To what extent are the lessons from Recovering nonviolent history applicable to different times and situations? The book deals with struggles against colonial overlords, compradors, or outright tyrants. The people were under-served and unrepresented; rulers had the lion’s share of military and economic power.

Yet the question for U.S. activists is not how to overthrow the “other,” but rather: Can strategic nonviolence also curb the misbehavior of democracies?

From Dictatorship to DemocracyGene Sharp’s answer to this question is “No.” In functioning democracies (that is, prior to elites taking everything), autonomy and wealth are still diffused widely. Few people will sacrifice what they already have on behalf of communal change.

Here are two of many questions that might help us get beyond that “No.”

1.  What’s ordinary? A number of Bartkowski’s chapters characterize the struggle as between ordinary people and the oppressing group. While the oppressor and its aims are well-defined, we don’t get a picture of what “ordinary people” means. When supporters of a regime come over to the civil resistance, do they thereby become ordinary? Were they not ordinary before?

Assuming “ordinary people” to be self-evident hinders the understanding of how one person will go beyond mere opinion to sacrifice for the communal good while a neighbor will struggle as mightily to maintain the most bogus privilege.

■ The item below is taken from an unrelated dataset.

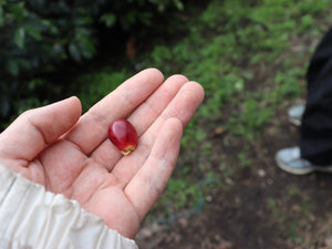 About six months later, the coffee has arrived in Japan. The flavors have settled slightly since we cupped it at origin, but the juicy peach-like fruitiness and remarkable cleanliness still stand out.

2.  In ignoring the stories’ contexts do we exchange the myth of war heroics for one of heroic comity? For example, the chapter on the U.S. in 1765-75 makes a persuasive argument that civil resistance might have effected autonomy, if not independence, without war. Readers unaware of the pre-war violence by the patriots could take away a picture of a population in accord on the reasons and method to effect change. Was this so? How might our understanding of democracy differ had we a fuller picture?

These are not criticisms of Bartkowki’s book, but rather tokens of its richness. Right action is not obvious, even in a democracy.